Any polynomial function of $r = \sqrt 2 + \sqrt 3$ must have the form $a + b\sqrt 2 + c\sqrt 3 + d\sqrt 6$ for rational $a,b,c,d$. Consider the set of numbers of that form as a vector space $V$ over the rationals. It has dimension 4.

Now calculate $r^0, r^1, r^2, r^3, r^4$. These are five elements of the vector space $V$, and since $V$ has dimension only 4, they cannot be linearly independent. Therefore there must exist rationals $a_0,\ldots, a_4$ such that $a_4r^4 + a_3r^3 + a_2r^2 + a_1r^1 + a_0r^0 = 0$. These can be found by well-known mechanical methods for changing the basis of a vector space. Then our polynomial is $a_4x^4 + a_3x^3 + a_2x^2 + a_1x^1 + a_0$.

(There are a couple of fine points I skipped here: $a_4$ might be zero; $r^3$ might not be independent of $r^0, r^1, $ and $r^2$. None of this is hard to deal with.)

Here is an example.

Calculate powers of $r = \sqrt2 + \sqrt3$, and tabulate them:

$$\begin{array}{crrrr}

% & 1 & \sqrt2 & \sqrt3 &\sqrt 6\\

%\hline

r^0 = & 1 &&&\\

r^1 = & & \sqrt2 & + \sqrt3 & \\

r^2 = & 5 & && + 2\sqrt6\\

r^3 = & &11\sqrt2 &+ 9\sqrt3 \\

r^4 = & 49 &&& + 20\sqrt 6

\end{array}$$

Now we want to find rational $a,b,c,d$ such that $r^4 = ar^3 + br^2 + cr^1 + dr^0$. Such rationals must exist. (Unless $r^0\ldots r^3$ are not independent, in which case we are looking for a polynomial of lower degree, and we can use the same method with even less effort.) The relations in the table above impose relations on $a,b,c,d$ that we can read off from the table, one relation for each column:

$$

\begin{array}{rrrrl}

& 5b & & + d &=49\\

11a&& + c &&= 0\\

9a&&+c&&=0\\

&2b&&& = 20

\end{array}

$$

We can solve the equations mechanically (they are particularly simple in this case; you can just read off the answer) and find that $a=0, b=10, c=0, d=-1$. So we have calculated, entirely mechanically, that $r^4 = 10r^2-1$, which means that $r$ is a zero of the polynomial $$x^4-10x^2+1.$$

(I wrote this up in detail on my blog a few years back, and just happened to use $\sqrt 2 + \sqrt 3$ as an example.)

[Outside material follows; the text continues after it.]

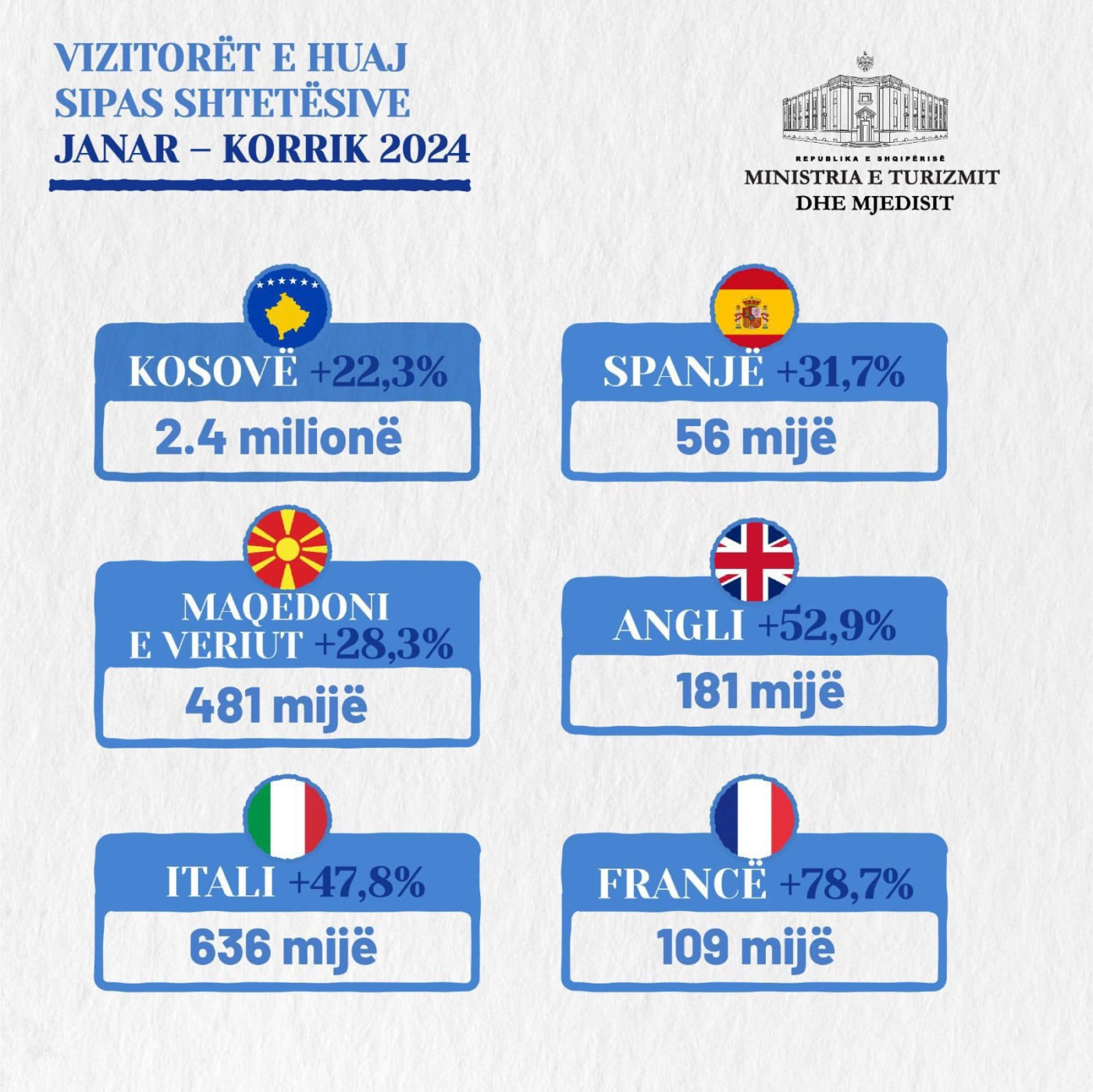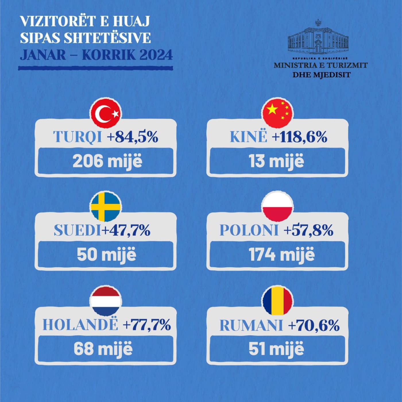 Në këto statistika prijnë qytetarët nga Kosova me 23 për qind rritje, pasuar me turist nga Spanja, Maqedonia e Veriut, Anglia, Italia, Franca etj.

Yes, there is a “purely mechanical” approach. Given algebraic numbers $\alpha$ and $\beta$, and monic polynomials $p_1(x)$ and $p_2(x)$ with rational coefficients, of which $\alpha$ and $\beta$ are roots, respectively, we can produce monic polynomials $p_+(x)$ and $p_\times(x)$ with rational coefficients, of which $\alpha+\beta$ and $\alpha\beta$ are roots, respectively. Moreover, if $\alpha$ and $\beta$ are algebraic integers (that is, we can take $p_1,p_2$ to have integer coefficients), then $p_+,p_\times$ have integer coefficients, so they witness that $\alpha+\beta$ and $\alpha\beta$ are algebraic integers as well. The argument is classical, but I follow below the presentation in

MR1083765 (91i:11001). Niven, Ivan; Zuckerman, Herbert S.; Montgomery, Hugh L.

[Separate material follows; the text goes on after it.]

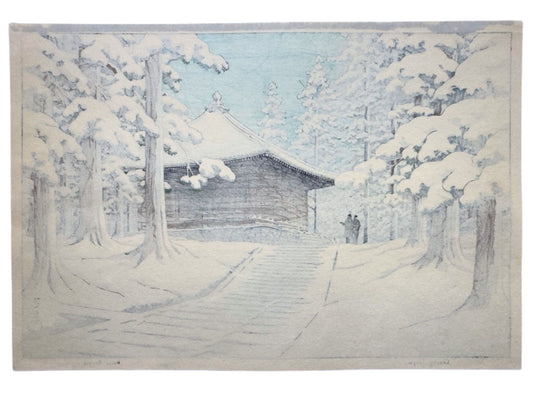 Estampe Japonaise de Hasui Kawase - Le temple Chūson-ji sous la neige

An introduction to the theory of numbers. Fifth edition. John Wiley & Sons, Inc., New York, 1991. xiv+529 pp. ISBN: 0-471-62546-9.

The construction is based on the following lemma:

Lemma. Given $n\ge0$, and a complex number $\xi$, suppose that the complex numbers $\theta_1,\dots,\theta_n$ are not all zero, and satisfy the equations

$$ \xi\theta_j=a_{j,1}\theta_1+\dots+a_{j,n}\theta_n $$

for $j=1,2,\dots,n$. If the $n^2$ numbers $a_{j,k}$ are rational, then $\xi$ is algebraic. If they are integers, then $\xi$ is an algebraic integer.

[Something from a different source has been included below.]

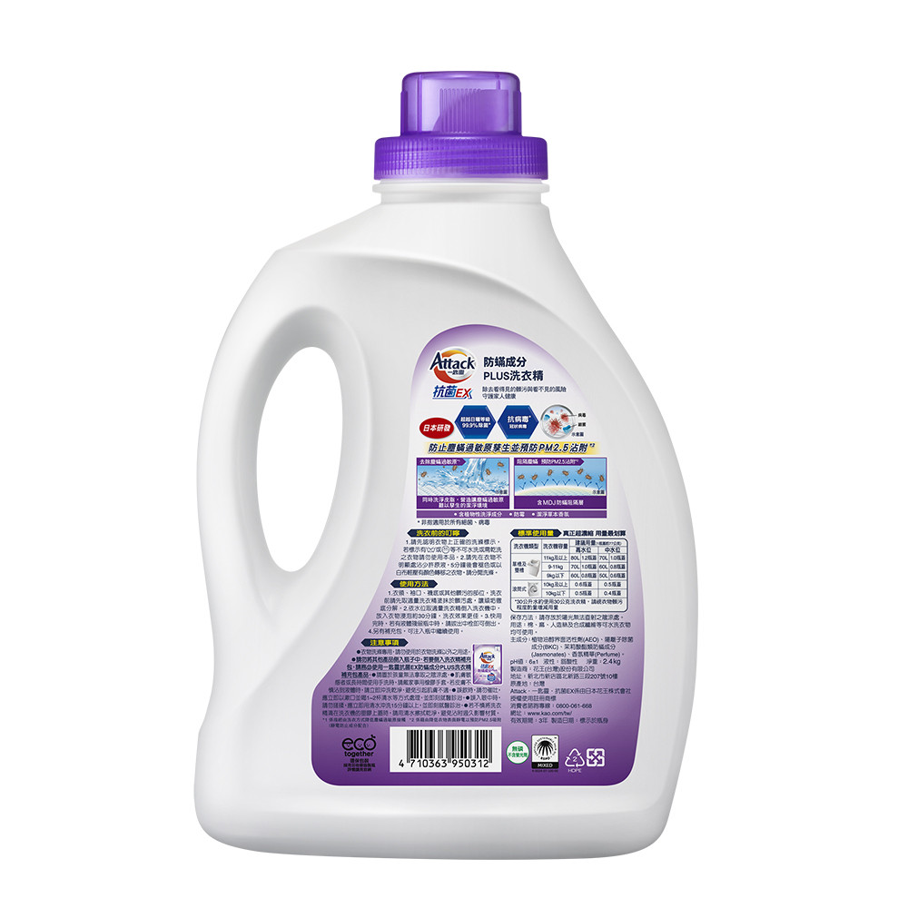 一匙靈抗菌EX防螨成分PLUS洗衣精2.4KG(包裝隨機)

One proves this by noticing that if $A$ is the matrix of the $a_{j,k}$ and $x$ is the vector of the $\theta_j$, then $Ax=\xi x$, so $\det(A-\xi I)=0$, and this is a monic polynomial with rational coefficients if the $a_{j,k}$ are rational, and integer coefficients if they are integers. In fact, we did better than stated in the lemma, since we obtained a witnessing polynomial rather than simply knowing the numbers are algebraic.

Using the lemma, one proceeds as follows: Suppose that $p_1$, the polynomial for $\alpha$, has degree $m$, and $p_2$, the polynomial for $\beta$, has degree $s$. Consider the numbers $n=ms$ numbers $\alpha^a\beta^b$ with $0\le a\le m-1$ and $0\le b\le s-1$, and call them $\theta_1,\dots,\theta_n$. Note that each $\alpha\theta_j$ is a linear combination of the $\theta_k$, using rational coefficients, and similarly for $\beta\theta_j$. To see this, note that either $\alpha\theta_j$ is another $\theta_i$, or else $\theta_j=\alpha^{m-1}\beta^b$ for some $b$, but then $$\alpha\theta_i=\alpha^m\beta^b=(\alpha^m-0)\beta^b=(\alpha^m-p(\alpha))\beta^b,$$ which is a combination of the $\alpha^i \beta^b$ for $0\le i<m$. The same argument applies to $\beta\theta_j$.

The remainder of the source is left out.